Proof/derivation for false discovery rate in Benjamini-Hochberg procedure

Question

The Benjamini-Hochberg procedure is a method that corrects for multiple comparisons and has a false discovery rate (FDR) equal to $\alpha$.

^{Or is it the family wise error rate, FWER? I am a bit confused about this. According to my below computations it seems to be the FWER that equals $\alpha$ and not the FDR.}

Can we prove that this is true?

Let's assume that the multiple p-values for the different hypotheses are independent and the distribution of the p-value's (conditional on the null hypotheses being true) is uniform between $0,1$.
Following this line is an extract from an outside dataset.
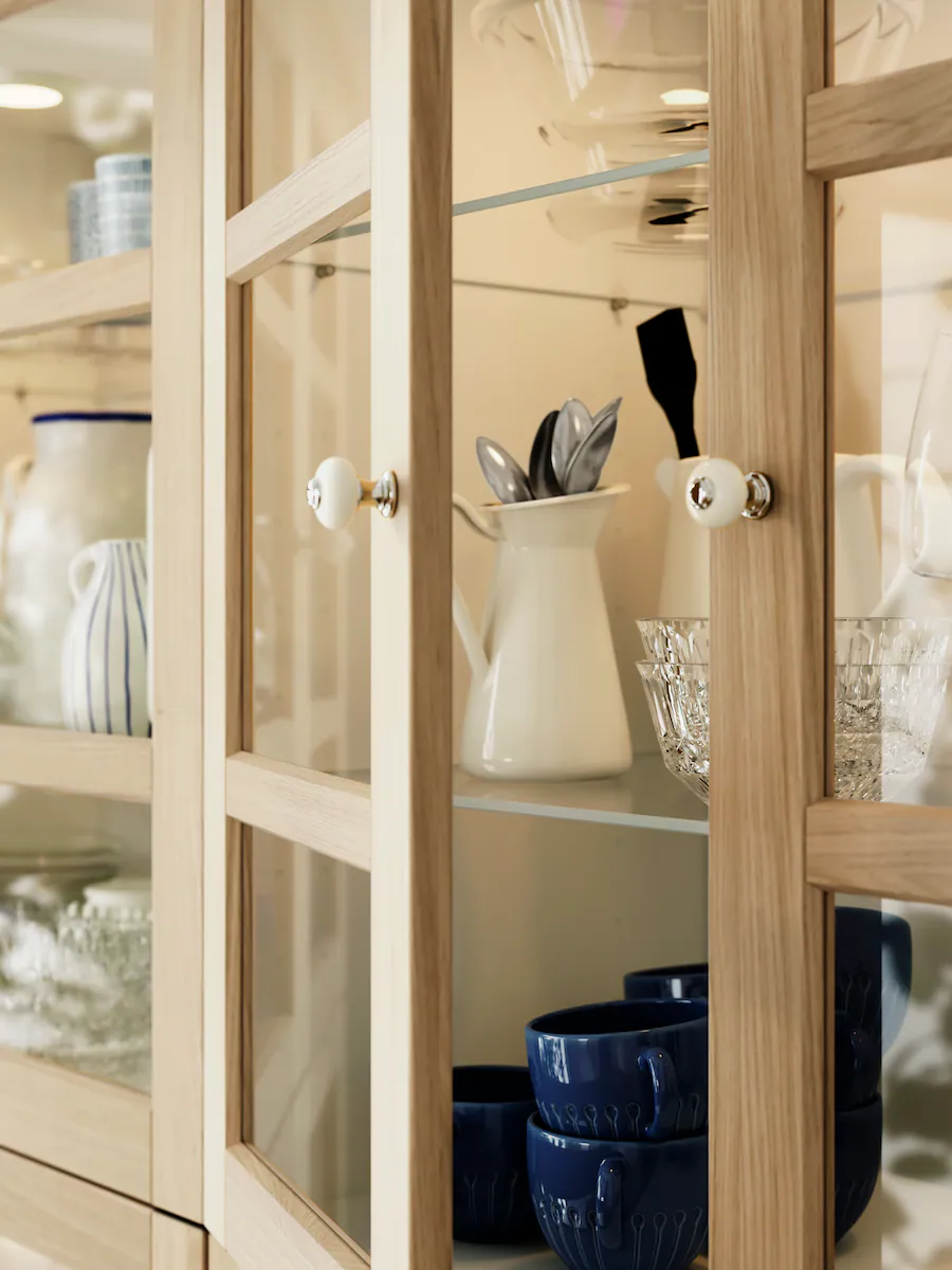 寬敞的玻璃門櫃是這個廚房的中心,也是心愛日常用品的安樂窩。櫃內照明突顯你珍藏的古董和傳家之寶,為典雅精緻的布置增添獨特風格。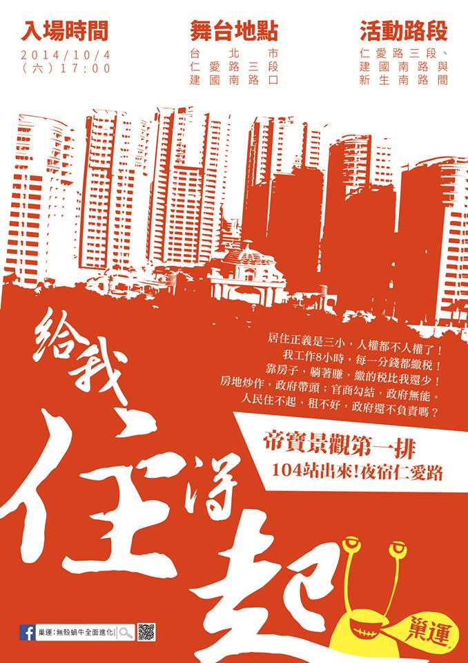 近七十個關注住宅問題的社運及社福組織共同發起「巢運」,日前在25年前無殼蝸牛運動同一地點召開記者會,針對高房價和居住議題,提出5大訴求。內政部立即回應,為落實居住正義,將持續推動多元住宅政策,讓住者適其屋,未來10年內社會住宅將達到3萬4千戶、租金補貼將達到6萬5千戶…。針對這種沒有未來、沒有想像、無關痛癢、一騙再騙的回應,你還願意忍耐下去嗎?

I can use a simulation to show that it get's close. With the below numbers $\alpha = 0.1$, and the number of times that I reject a hypothesis in this simulation is

$$\begin{array}{rcl} \alpha& =& 0.1\\ \text{observed FDR} &=& 0.100002 \pm 0.00030 \end{array}$$

with error based on $ \pm 2\sigma$ where $\sigma = \sqrt{\frac{0.1 \cdot 0.9}{ n}}$

set.seed(1)
m <- 10^6
n <- 10
a <- 0.1
k <- 1:n

sample <- function( plotting = F) {
  p <- runif(n)
  p <- p[order(p)]
  counts <- max(0,which(p<k/n*a))
  if (plotting) {
    plot(k,p, ylim = c(0,1) )
    lines(k,k/n*a)
  }
  counts
}

x <- replicate(m, sample())
s <- sum(x>0)/m
err_s <- sqrt(s*(1-s)/m)
c(s-2*err_s,s,s+2*err_s)

I understand now that the FWER is *not* just the case of type I error *when all the hypotheses are correct*, but also when one or more of them are correct and we do not want a type I error for the non-correct hypotheses. — Sextus Empiricus, Nov 05 '20 at 17:30

Spätzle · Accepted Answer · 2021-11-25T07:39:53.310

Intro

Let us start with some notation: We have $m$ simple hypotheses we test, with each null numbered $H_{0,i}$. The global null hypothesis can be written as an intersection of all the local nulls: $H_0=\bigcap_{i=1}^{m}{H_{0,i}}$. Next, we assume that each hypothesis $H_{0,i}$ has a test statistic $t_i$ for which we can compute the p-value $p_i$. More specifically, we assume that for each $i$ the distribution of $p_i$ under $H_{0,i}$ is $U[0,1]$.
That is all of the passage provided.